:: EXERCISE DETAILS ::
The pictures stay out; all of the data is to be printed exactly.

:: SOURCE MATERIAL ::
------------------------------------

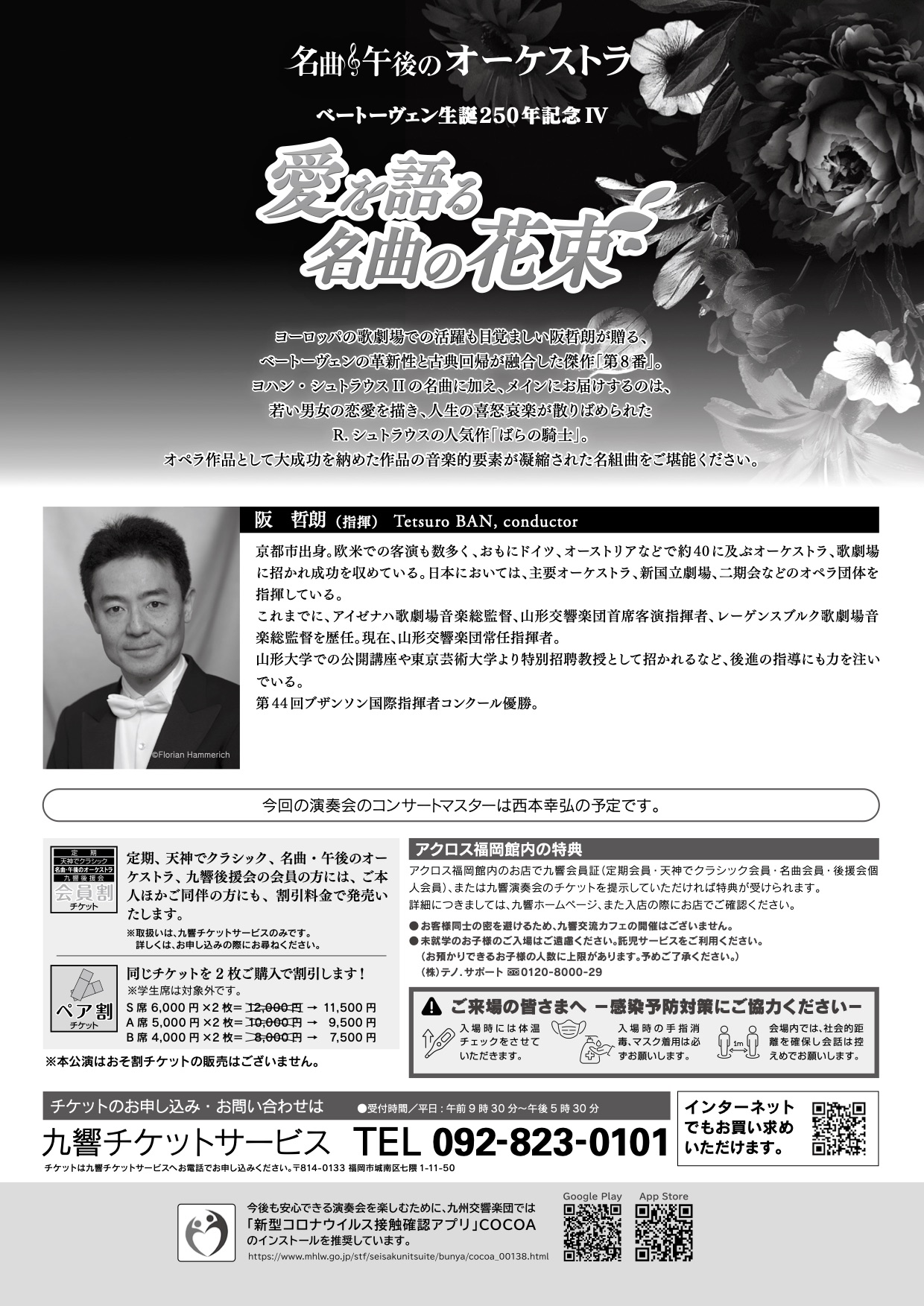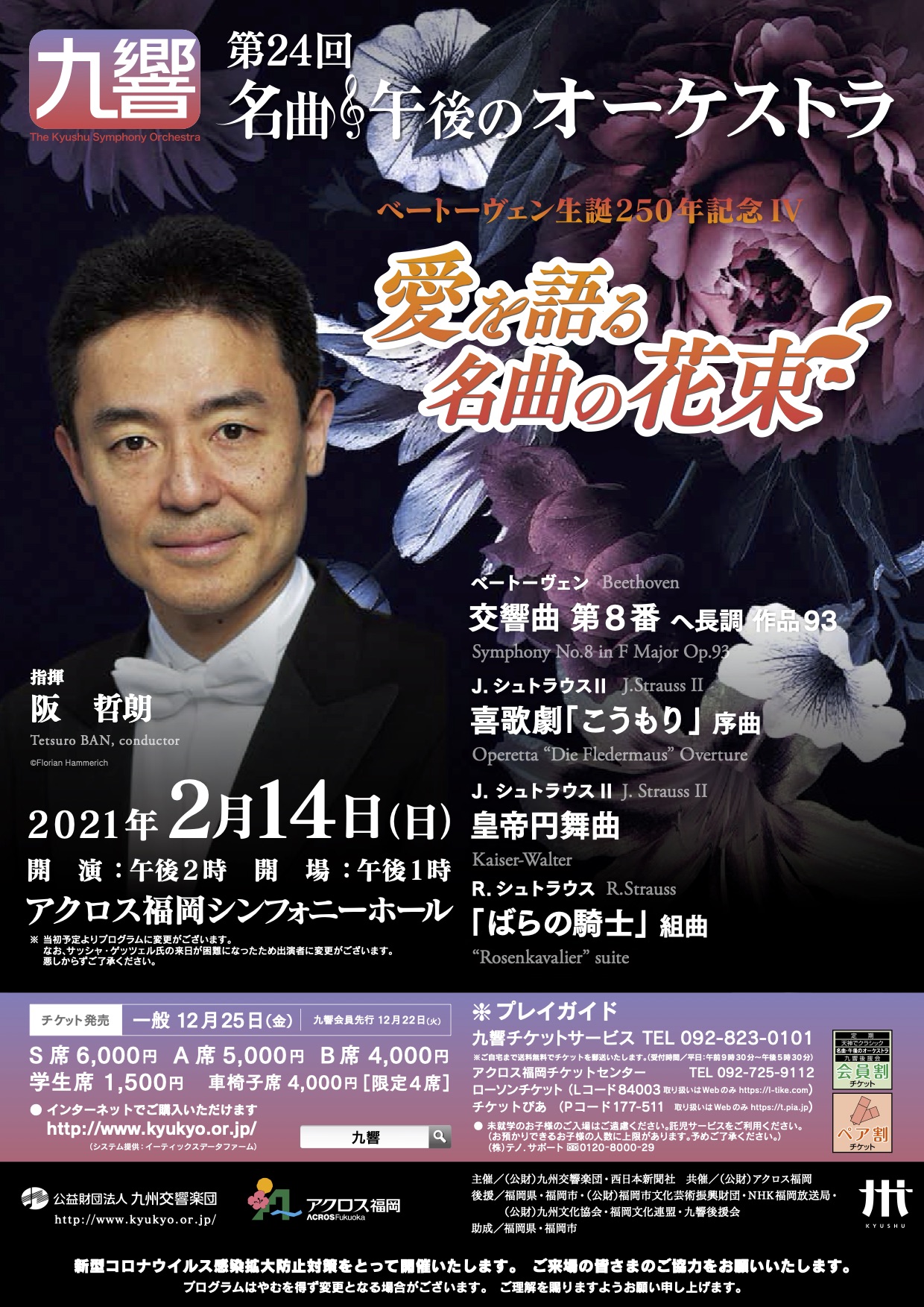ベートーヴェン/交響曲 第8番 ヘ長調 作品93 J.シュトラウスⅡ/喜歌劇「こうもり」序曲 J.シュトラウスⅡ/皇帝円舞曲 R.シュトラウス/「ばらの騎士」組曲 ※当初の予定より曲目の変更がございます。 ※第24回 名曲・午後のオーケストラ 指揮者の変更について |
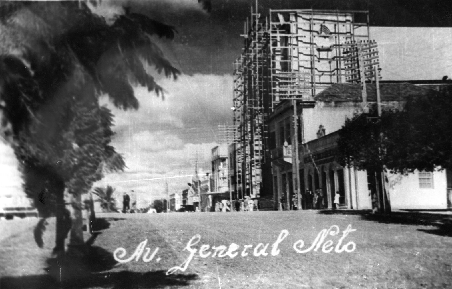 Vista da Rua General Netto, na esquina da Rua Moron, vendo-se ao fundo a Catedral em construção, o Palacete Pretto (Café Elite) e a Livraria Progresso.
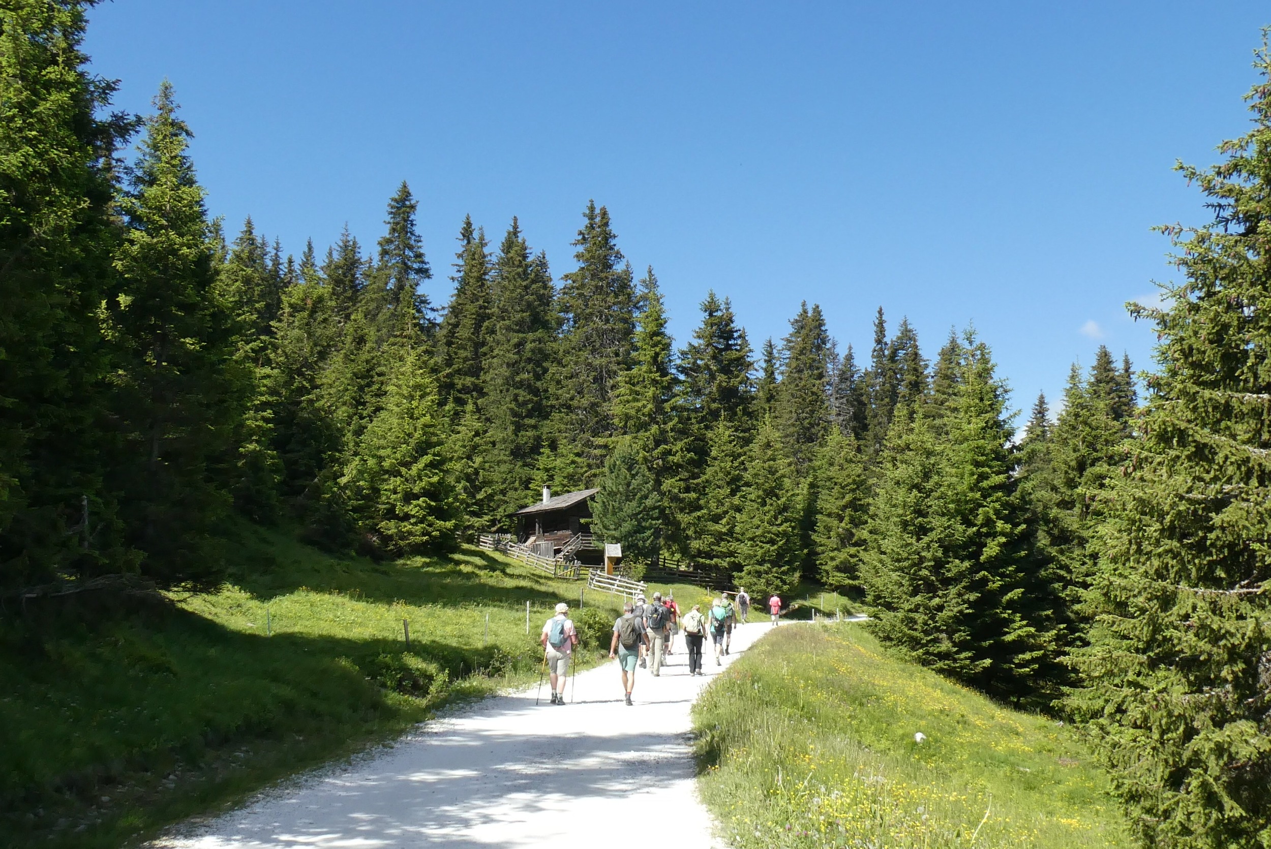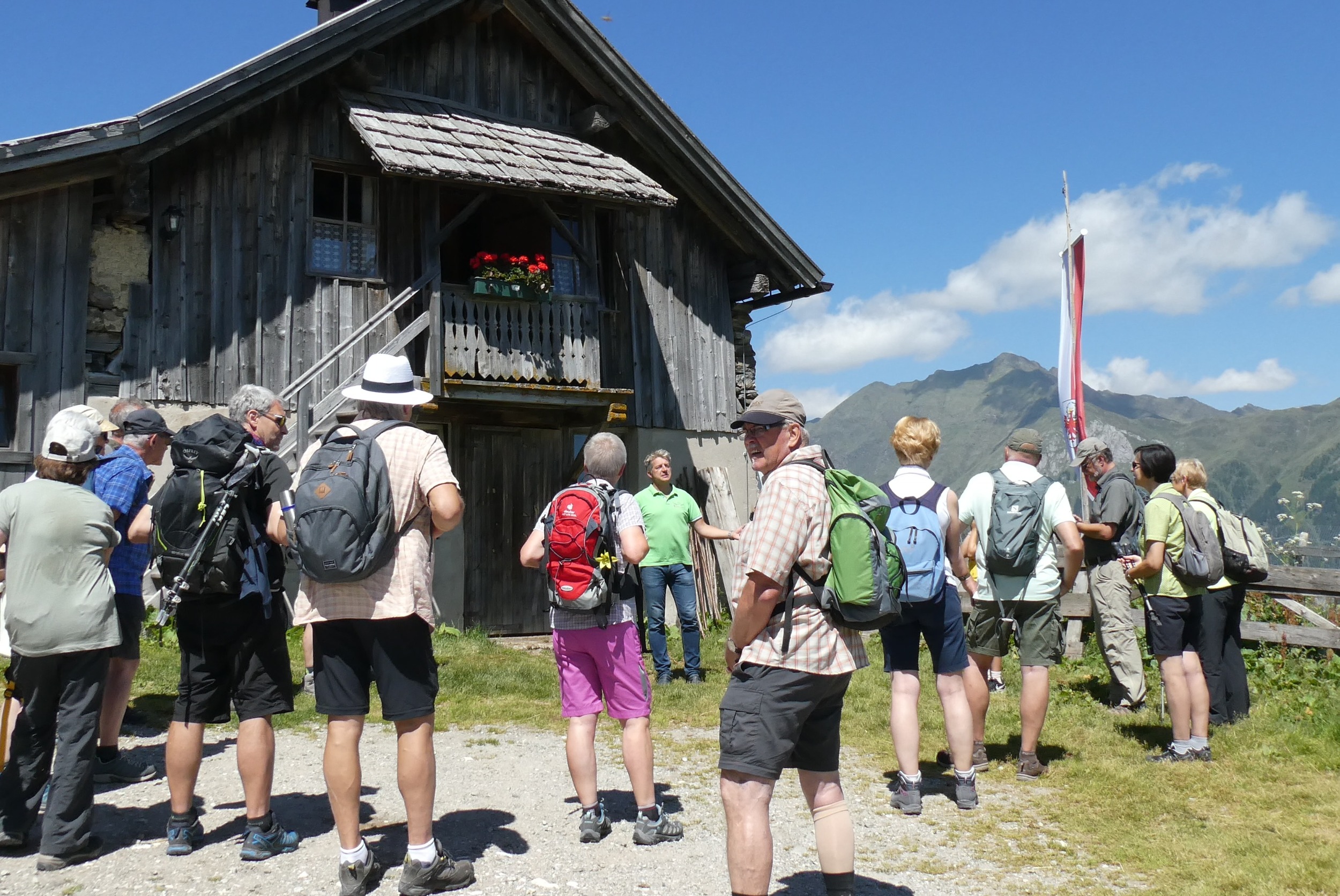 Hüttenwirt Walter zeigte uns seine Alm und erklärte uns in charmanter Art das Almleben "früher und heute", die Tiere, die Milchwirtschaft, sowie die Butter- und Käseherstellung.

------------------------------------

:: RESPONSE ::
ベートーヴェン/交響曲 第8番 ヘ長調 作品93 J.シュトラウスⅡ/喜歌劇「こうもり」序曲 J.シュトラウスⅡ/皇帝円舞曲 R.シュトラウス/「ばらの騎士」組曲 ※当初の予定より曲目の変更がございます。 ※第24回 名曲・午後のオーケストラ 指揮者の変更について |
 Vista da Rua General Netto, na esquina da Rua Moron, vendo-se ao fundo a Catedral em construção, o Palacete Pretto (Café Elite) e a Livraria Progresso.
 Hüttenwirt Walter zeigte uns seine Alm und erklärte uns in charmanter Art das Almleben "früher und heute", die Tiere, die Milchwirtschaft, sowie die Butter- und Käseherstellung.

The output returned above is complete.